Jolly Lad, John Doran (Strange Attractor, 2015)
An Encyclopadeia of Myself, Jonathan Meades (Fourth Estate, 2015)
The autobiographer has something in common with Narcissus although not if the comparison only reduces the writer to being an egoist in love with the story of his own life. Before Narcissus sees himself in a pool he is ardently solicited by the nymph Echo but he rejects her advances and she wastes away in grief until only her voice lives on. When, later, Narcissus sees himself reflected in the water his anguish, like Echo’s, resides in not being able to embrace what is so dearly desired. He dips his arms in the water, reaching for the neck he sees, but cannot touch for himself. Consumed by his own grief, Narcissus dies and mourners find only a flower by the water’s edge. It’s a potently suggestive myth, inlaid with parallels: repetition as representation – verbal in one case, visual in the other; yearning for something out of reach; failure to reciprocate desire leading to death.
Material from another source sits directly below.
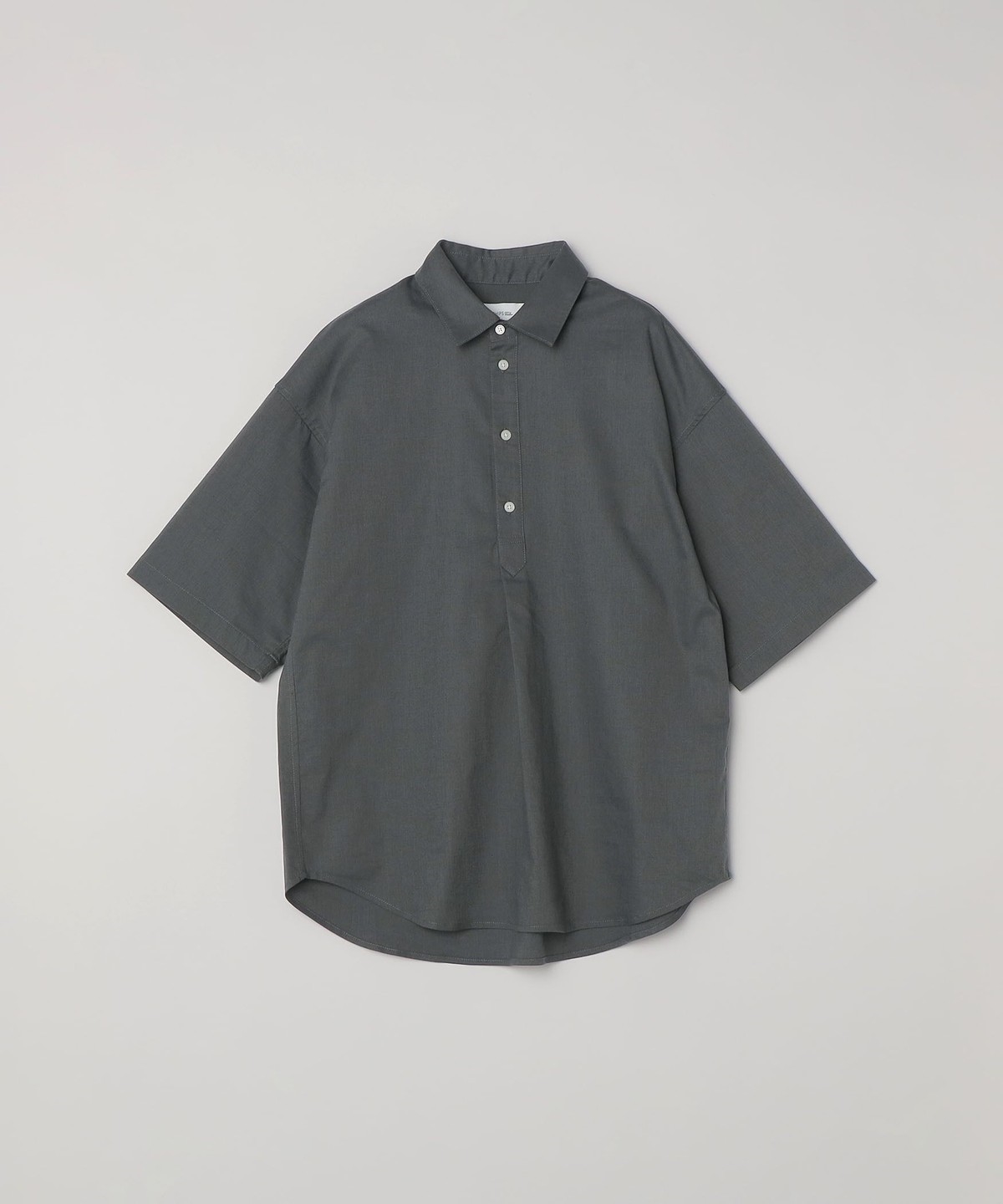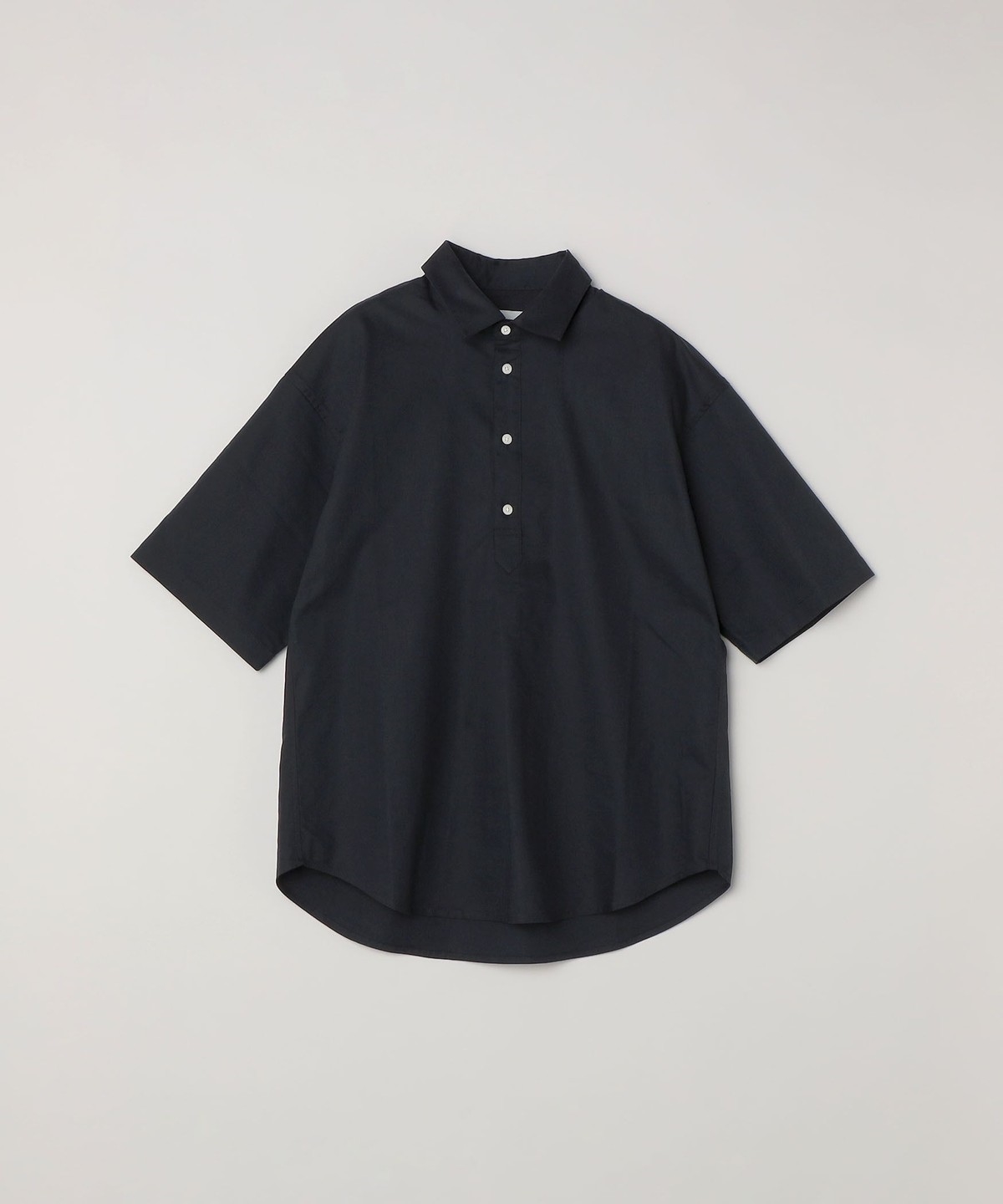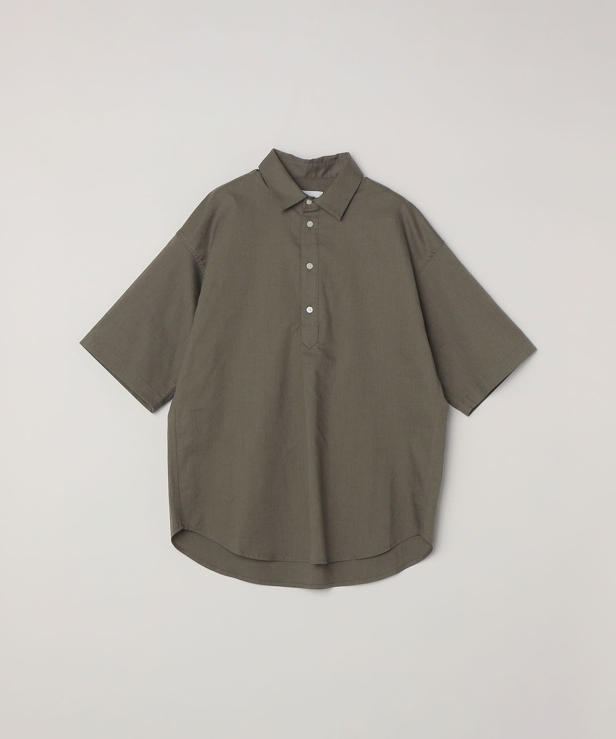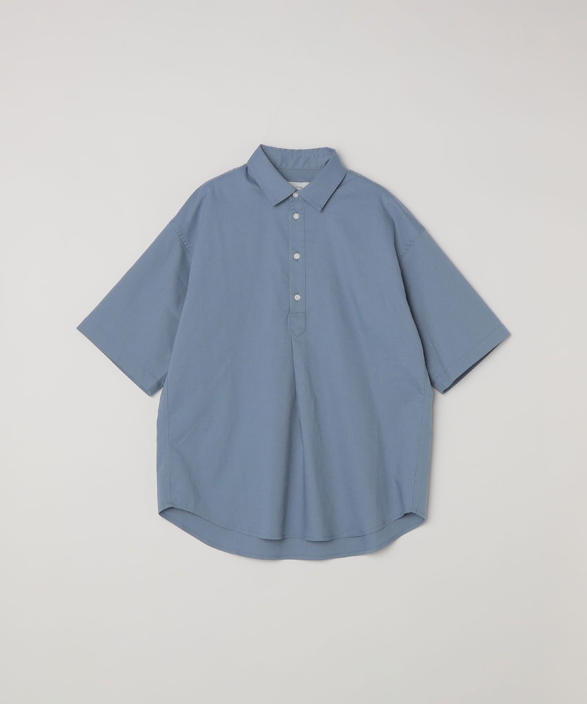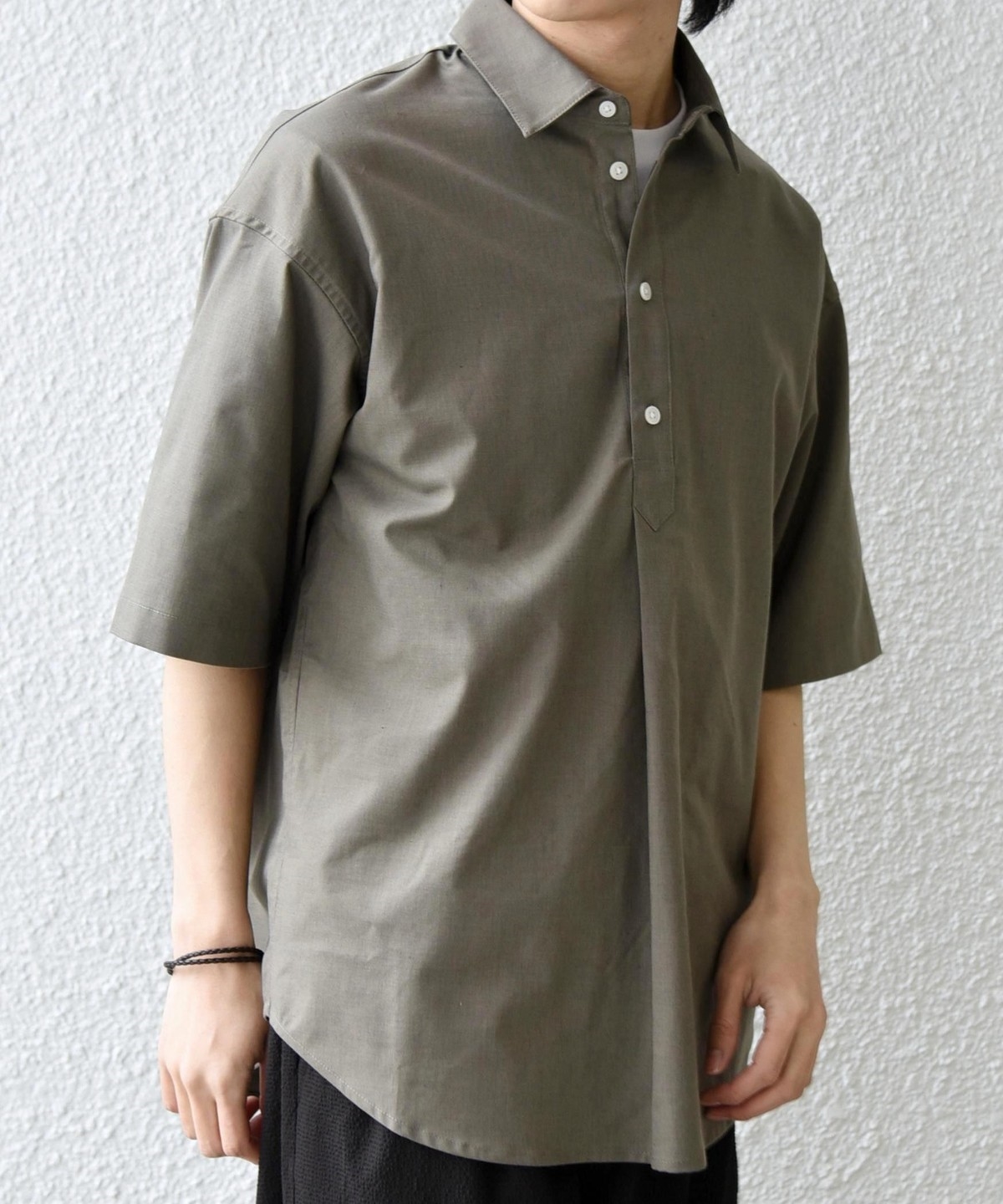 リラックス感のあるレギュラーカラーデザインで、フロントにワンタックアクセントを入れたプルオーバー型の半袖シャツ。
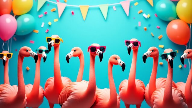 3D rendering of a summer beach background with the sun, sunglasses, and an inflatable flamingo on the sand.

Unlike the autobiographer who will be worth reading, Narcissus fails to register a difference between his present self and an image that would represent him. What he sees is not his own self but an other that reflects his self; he speaks and sees his lips moving in the water but the image doesn’t speak to him although it is a visible and spatial repetition of his voice. Like a letter without an address, his desire returns undelivered to its sender. Derrida’s opposition that pits a writing that is always deceased and deficient against the full presence of the living voice, the script versus the body, is part of the constellation that makes up the author as a selfhood presenting itself. Writing your own life retrospectively attempts to create the self’s authentic voice but, like the image Narcissus beholds in the clear water of the pool, it cannot provide what is being sought. In Ovid’s Metamorphoses, the narrator addresses Narcissus: ‘What you seek is nowhere; but turn yourself away, and the object of your love will be no more. That which you behold is but the shadow of a reflected form and has no substance of its own.’ Autobiographies can be calibrated according to their degree of success in acknowledging the inherent failure in trying to reach what has passed, as if an echo could somehow be the real thing. As the White Queen paradoxically observes, ‘It’s a poor sort of memory that only works backwards’. John Doran in Jolly Lad has a knotty problem that compounds this immanent impasse: can he bear to look at his previous existence? He writes of a ghastly past that he desperately needs to leave behind but achieving this entails asking himself what kind of self will take its place.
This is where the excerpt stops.